Puerto Rico – Part One

It feels just like magic every time.  To hop a plane in the pre-dawn darkness on a frigid February morning in “God give me strength” Baltimore; fly for five hours; disembark in some hot spot like San Juan, Puerto Rico; and then walk out into 80 degree sunshine.  It rivals any disappearing act that Harry Houdini, or even Gandalf the Wizard, ever pulled off.  And to escape the another endless Maryland winter was like being delivered from evil.
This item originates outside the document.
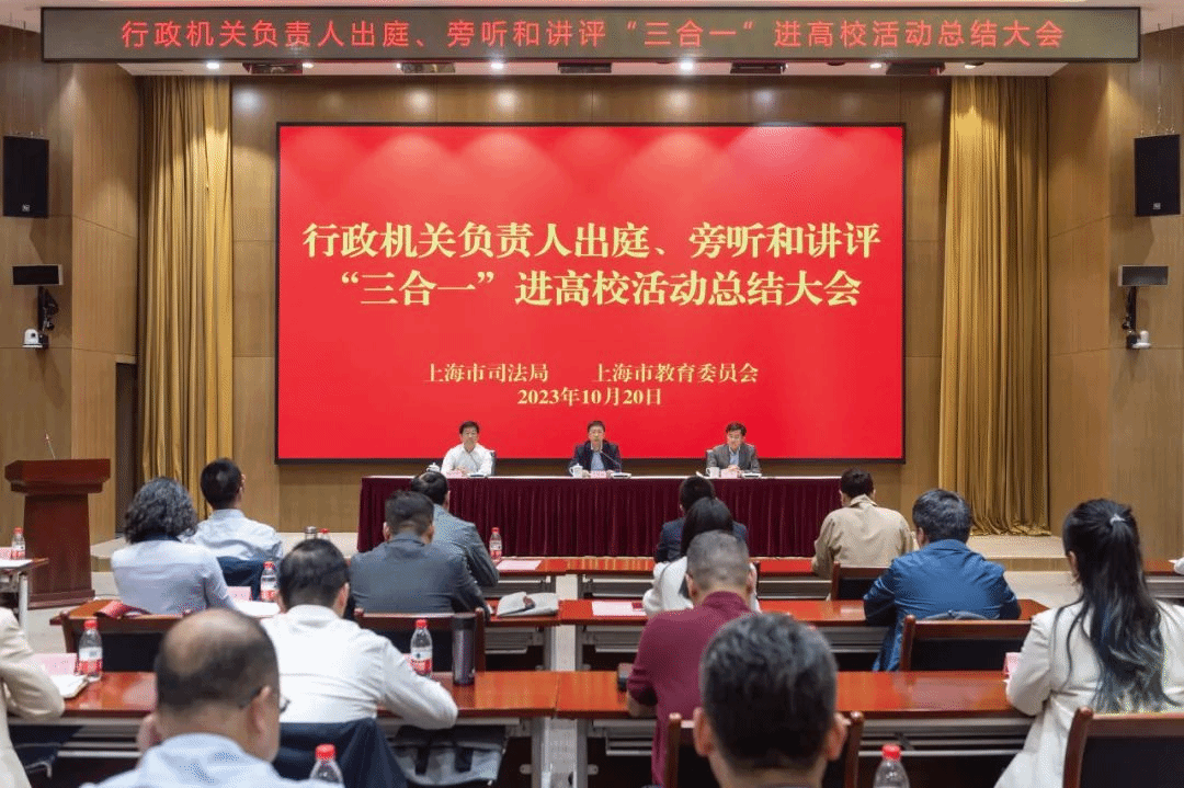 10月20日,市司法局与市教委联合召开的行政机关负责人出庭、旁听、讲评“三合一”进高校活动总结大会在上海市司法局举行,市司法局党委书记、局长吴坚勇,市教委副主任王浩参加会议并讲话。市司法局党委委员、副局长刘言浩主持会议。上海市各区司法局和9728太阳集团、复旦大学等高校代表参加会议。
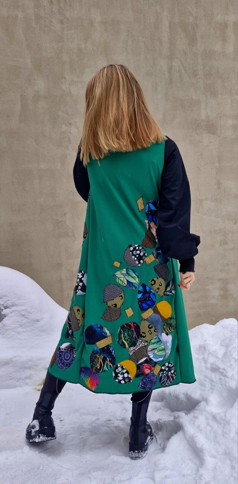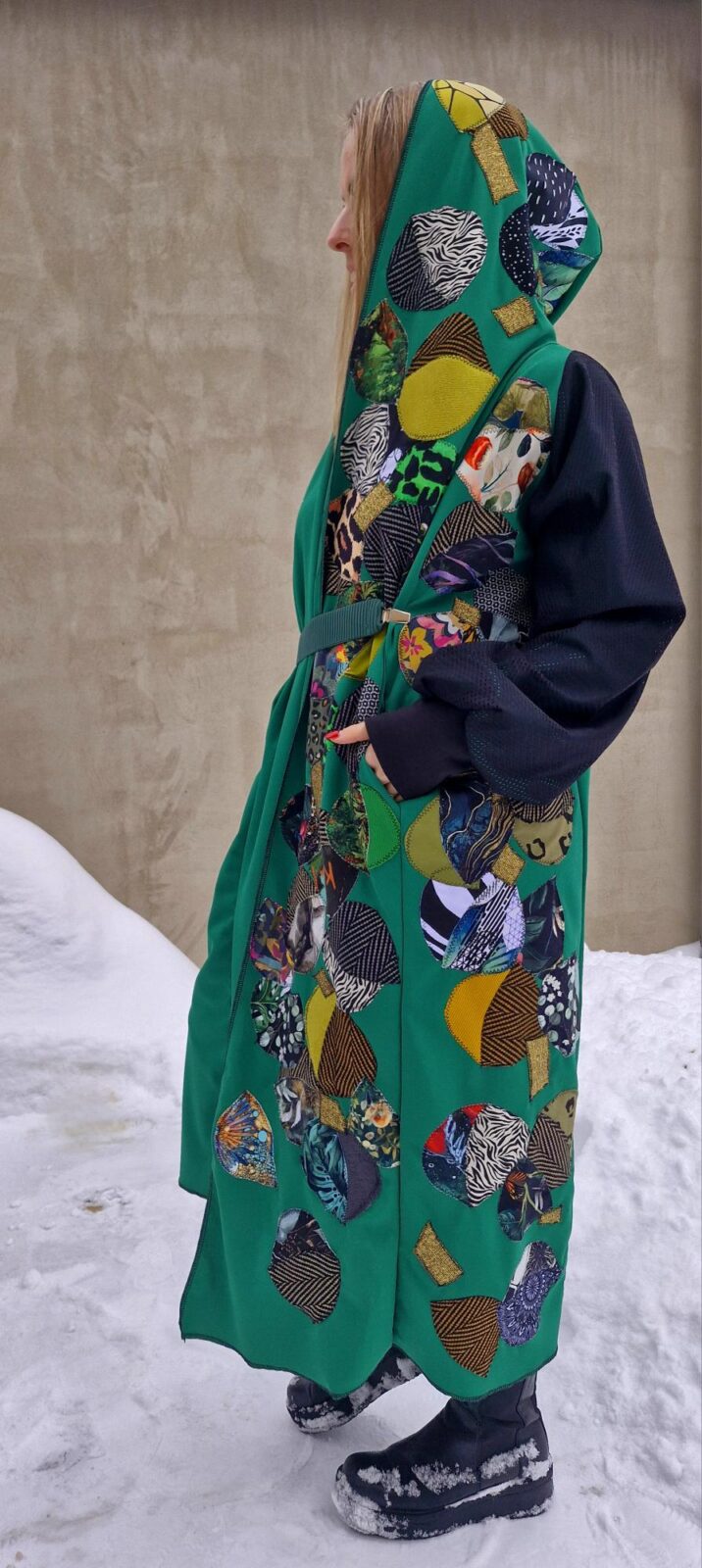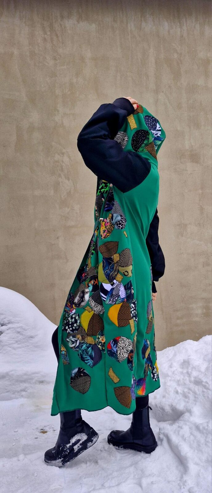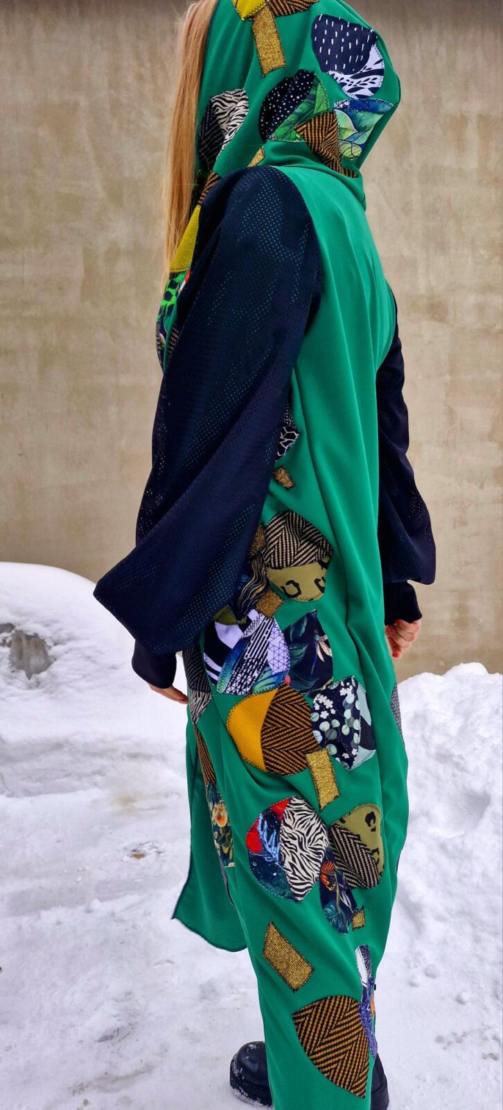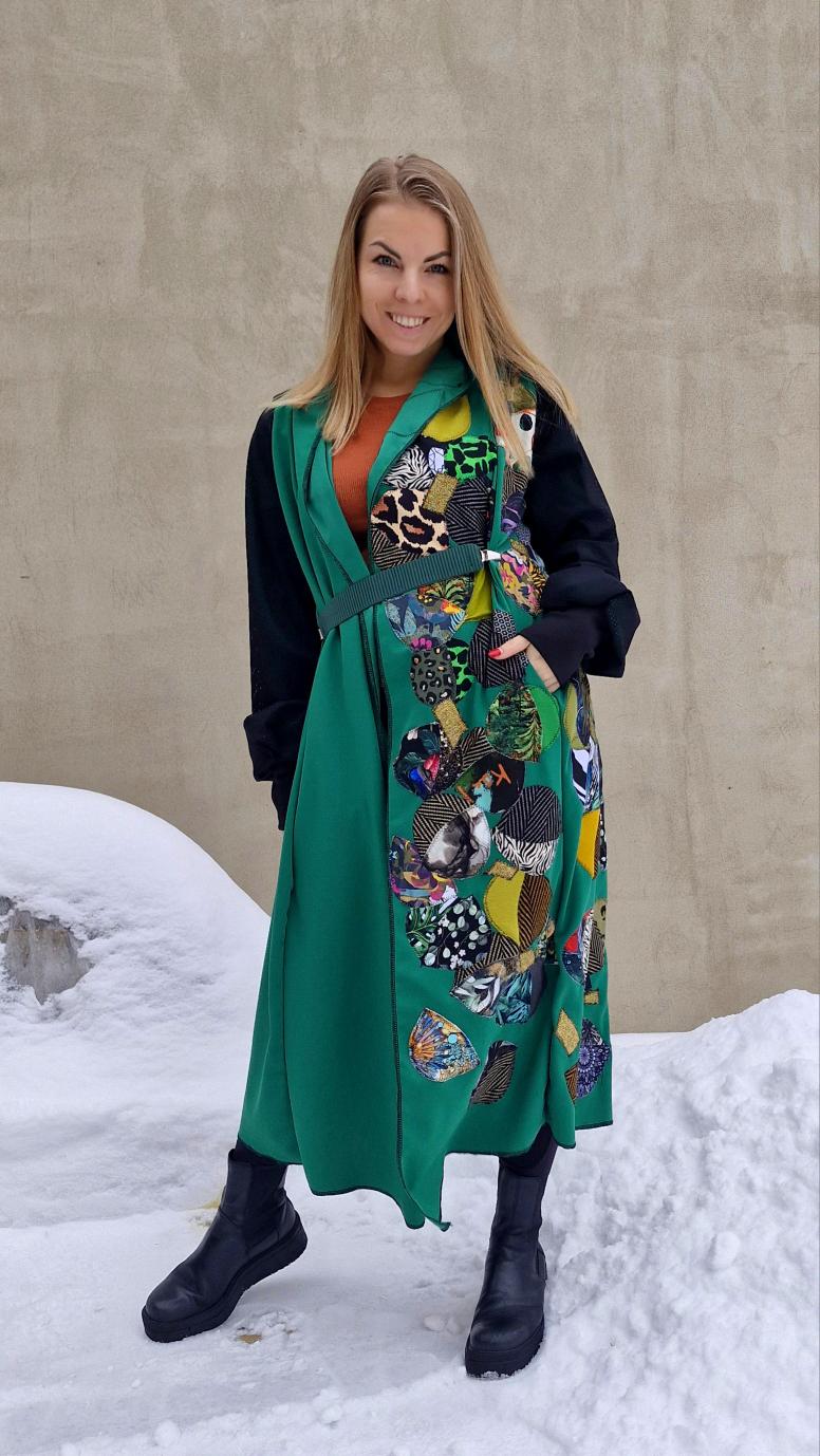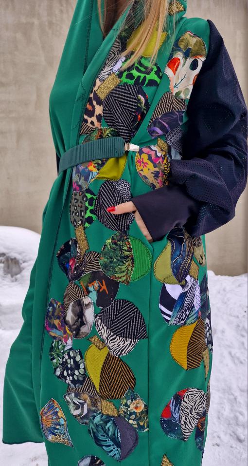 Dámský kabátek s kapucí a kapsami. Jedná se o můj projekt, kdy žádný kousek látky nepřijde na zmar. Zbytky látek mi stříhala má milovaná babička, která tu již 11 měsíců není, ale její energie je právě tady, v kabátku. Každičký kousek vzala do ruky. Nikde takový podobný kabátek na světě není, nechodí. Rukávy jsou ušité ze síťoviny, která je podšitá.

Louis Muñoz Marín International Airport is just small enough to make getting around a breeze, and chaotic enough to send you running in circles.  But this was not our first trip to San Juan, so we had a vague idea of where we were going, though our previous visit had been quite different.  Our very first Royal Caribbean cruise had left from San Juan and we had flown in the night before, landing around midnight.  The airport had been dark and eerily vacant as we sleep walked to the baggage area and then followed the signs to the high-rise airport hotel which is attached directly to the airport.  That had been a surreal experience, navigating the spooky airport, devoid of all humans, trying to find the check-in desk which turned out to be in a broom closet outside near the front entrance.
 
This time around we weren’t going to play that game and decided to arrive on a Tuesday morning, four days before the Celebrity Summit left for a seven day Eastern Caribbean cruise.
 
So, after picking up our bags, we caught the convenient shuttle van to the Thrifty car rental office on the south side of the 66 Freeway right across from the airport.  We had decided to rent a car so we could explore the rest of the island and Thrifty was offering a great deal on a full-size car for $38 a day, with unlimited mileage.
 
Our shuttle driver was popping his gum and bopping to the lively music coming from the van’s radio.  Gum chewing is muy, muy popular in Puerto Rico, as is blaring salsa music, and we got both barrels as we bounced along the potholed roads surrounding the giant airport complex where a mix of large jets, U.S. military transport planes, and small private Piper Cubs were constantly landing and taking off.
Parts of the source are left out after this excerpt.